Data section:
##########

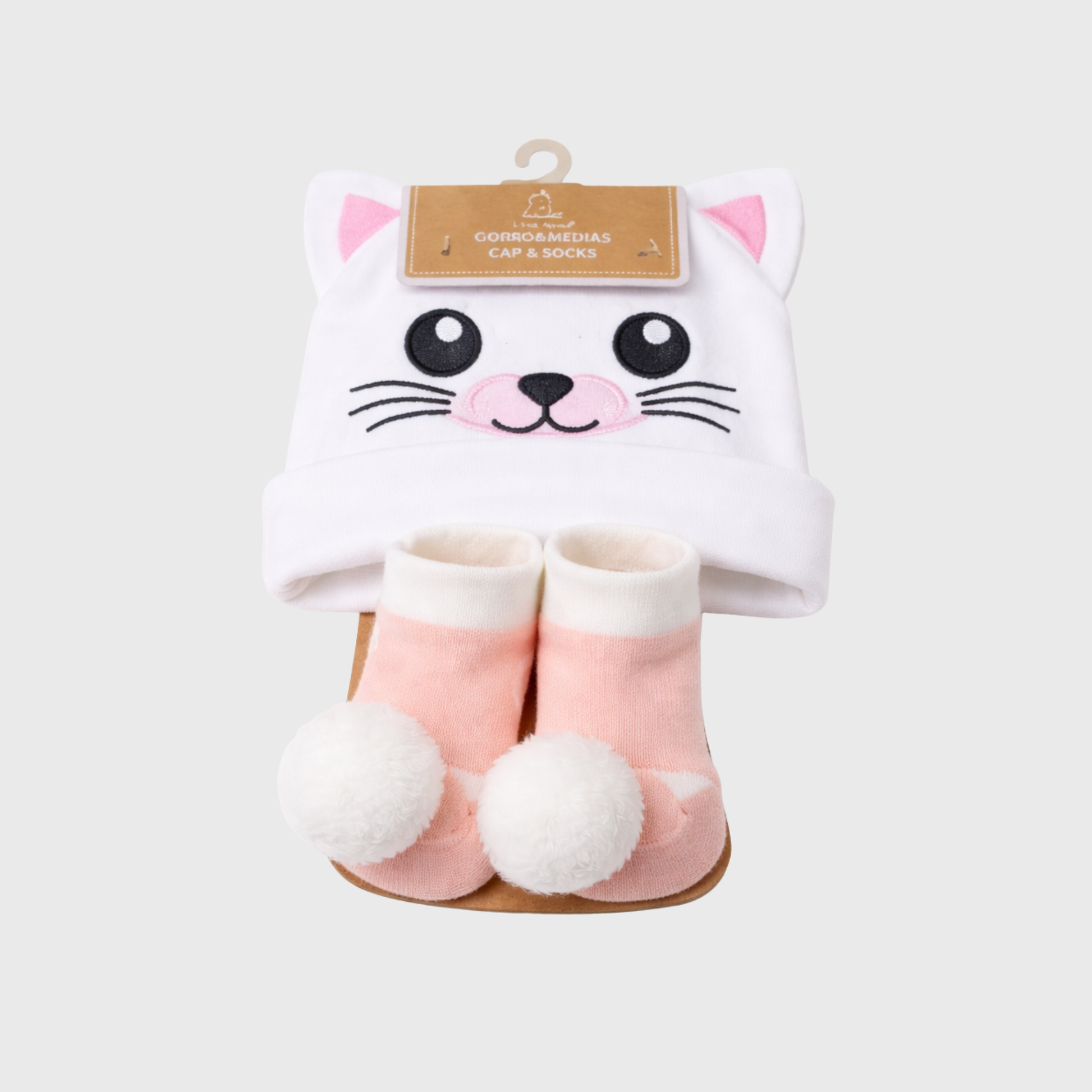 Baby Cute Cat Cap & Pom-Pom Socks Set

##########

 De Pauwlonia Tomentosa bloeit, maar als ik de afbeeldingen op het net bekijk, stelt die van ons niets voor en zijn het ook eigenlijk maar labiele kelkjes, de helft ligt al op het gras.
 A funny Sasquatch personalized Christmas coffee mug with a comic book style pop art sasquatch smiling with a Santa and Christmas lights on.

##########

Work task: Using the records above, copy word for word the line with "De Pauwlonia Tomentosa", the line with "A funny Sasquatch", and every line between them.

Expected answer:
 De Pauwlonia Tomentosa bloeit, maar als ik de afbeeldingen op het net bekijk, stelt die van ons niets voor en zijn het ook eigenlijk maar labiele kelkjes, de helft ligt al op het gras.
 A funny Sasquatch personalized Christmas coffee mug with a comic book style pop art sasquatch smiling with a Santa and Christmas lights on.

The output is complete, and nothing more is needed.